James’s embrace of Trotskyism was paired with an intense survey of European philosophy and social thought. He studied Hegel in these years. He was also drawn to the larger canon of European thinkers interested in the concept of “freedom.” Marx in particular captured his imagination; it was in Marx that Hegel’s ideas of freedom became a sturdy theory of revolution based on the organization and self-assertion of workers, and it also led James to consider the plight of Black workers in particular.
The unifying thread that runs through James’s vast body of work was a focus on this proletarianized “race” and racialized working class whose objective position, he argued, made it the potential locomotive for revolutionary socialism, just as the unpaid workers of Haiti were the true engine of the overthrow of slavery. Adapting Lenin’s byword, James concurred that “Every cook can govern,” those of African ancestry not least.
Reading these European thinkers, however, James was also struck by the fact that, despite their interest in the political and moral progress of freedom, they had little to say about a deeper expression of this idea as embodied in the Haitian Revolution. This was true not only of Marx but of that icon of the American left, Thomas Paine. As the late Haitian scholar Michel-Rolph Trouillot notes in his trailblazing Silencing the Past, this muzzling of the profundity of the Haitian Revolution was an important chapter in a larger narrative of global domination.

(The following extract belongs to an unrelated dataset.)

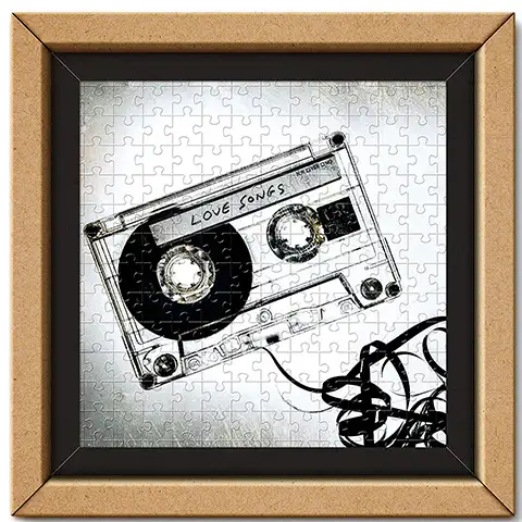 Za romantično dušo bo odlična izbira ta sestavljanka, katera upodablja staro kaseto s trakom, po napisu sodeč pa so na kaseti ljubezenske pesmi, vendar pa je trak ven povlečen in zavozlan poleg kasete. Črno-bela slika bo tudi na steni sobe izvrstno kazala, za kar se bo lahko uporabil tudi iz škatle izoblikovani okvir. Clementoni sestavni deli se zlahka sestavljajo in se v popolnosti prilegajo med seboj, zahvaljujoč brezkompromisni izdelavi in profesionalnemu tisku pa so sestavljene slike sapo jemajočo ostre in polne živahnih barv.

The Black Jacobins set out to correct this elision. In its riveting pages, James sought to make Africans active subjects of their own history rather than passive objects of others’ history. Building on James’s pathbreaking book, a new generation of scholars have argued that the Haitian Revolution precipitated a general crisis of the entire slave system in the Western Hemisphere—including in the United States—that could end only in its collapse, which I addressed in my book Confronting Black Jacobins. Not coincidentally, the struggle for the eight-hour workday and the drive to organize labor unions both accelerated in the United States post-abolition, suggesting the importance of the victory of unpaid workers in the Caribbean.